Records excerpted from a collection
-=-=-
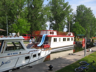 | In lock 20 I met up with this rental house boat. Its a simple pontoon boat with a big box on top, probably just like a camper. In fact I was told the early rental companies just took pontoon boats and mounted pick-up truck campers on them. Probably not the most sea-worty craft on the canal, but workable. The people aboard seemed to be having a good time | |
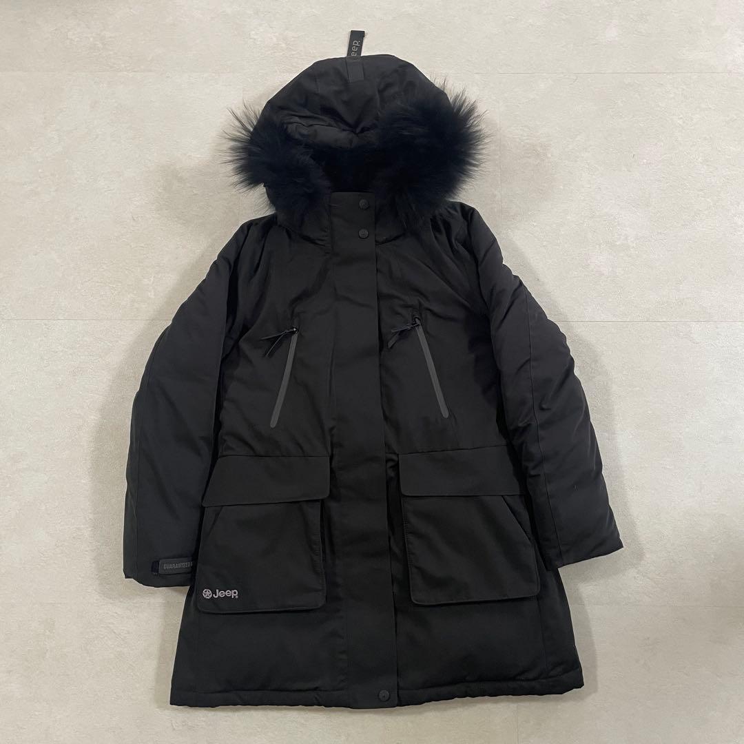 Jeep(ジープ)のファー付きダウンジャケットです。こちらは、アメリカの自動車ブランド【Jeep】の公式ライセンスを取得した、韓国発ブランドの製品となっています。ブラック生地にロゴパッチ、ロゴ刺繍が施されたシンプルなデザイン。採寸の方をよくご確認ください。
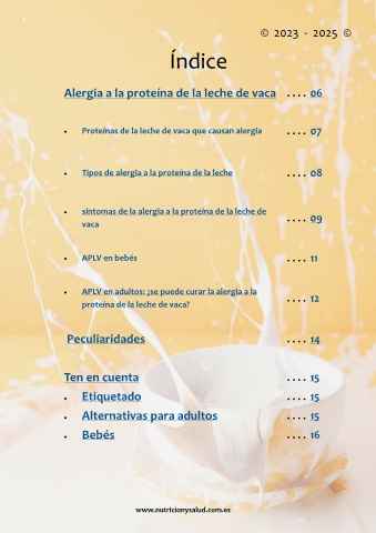 Tipos de alergia a la proteína de la leche . . . . 08
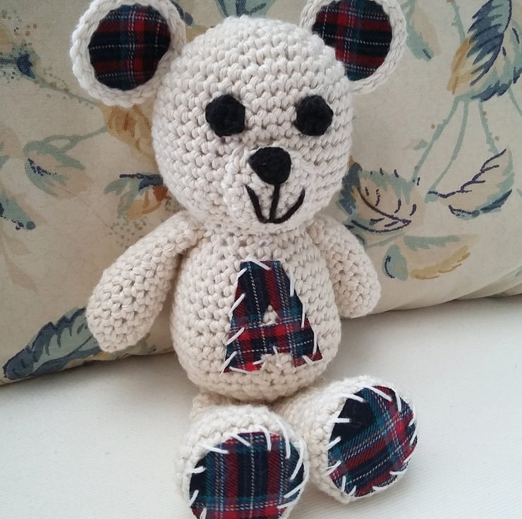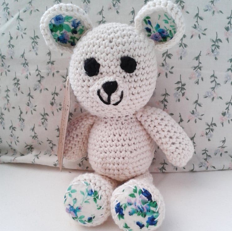 If you would like another colour wool or fabric then pop along a message as this can be arranged! There is an example of a blue floral and a tartan bear below, which have also been ordered.
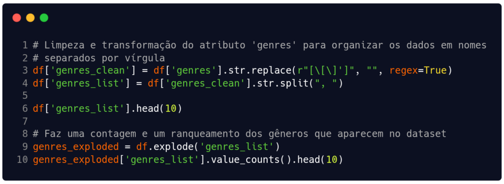 Na Figura 8 estamos limpando e transformando os valores que estão dentro do campo 'genres' para que possamos apresentar uma contagem absoluta de quantas vezes os nomes dos gêneros aparecem no banco de dados. Veja, o atributo 'genres' não é numérico, por isso não fizemos cálculos para média, desvio padrão etc. Assim, optamos por fazer essa transformação que nos permitirá obter uma frequência absoluta (contagem) dos valores (uma estatística descritiva mais simples).
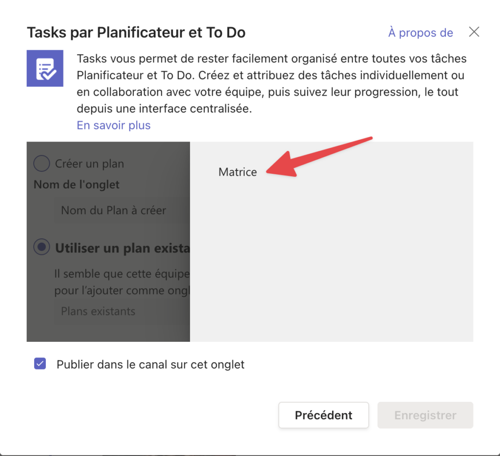Vous pouvez bien entendu utiliser un Plan existant ; dans l’illustration, je sélectionne le tableau que j’ai intitulé Matrice.
-=-=-
*Problem details*
Nothing but the lines above from the line with "Jeep(ジープ)のファー付" up to and including the line with "If you would" should be returned, exactly as written and without pictures.

*Exercise answer*
 Jeep(ジープ)のファー付きダウンジャケットです。こちらは、アメリカの自動車ブランド【Jeep】の公式ライセンスを取得した、韓国発ブランドの製品となっています。ブラック生地にロゴパッチ、ロゴ刺繍が施されたシンプルなデザイン。採寸の方をよくご確認ください。
 Tipos de alergia a la proteína de la leche . . . . 08
 If you would like another colour wool or fabric then pop along a message as this can be arranged! There is an example of a blue floral and a tartan bear below, which have also been ordered.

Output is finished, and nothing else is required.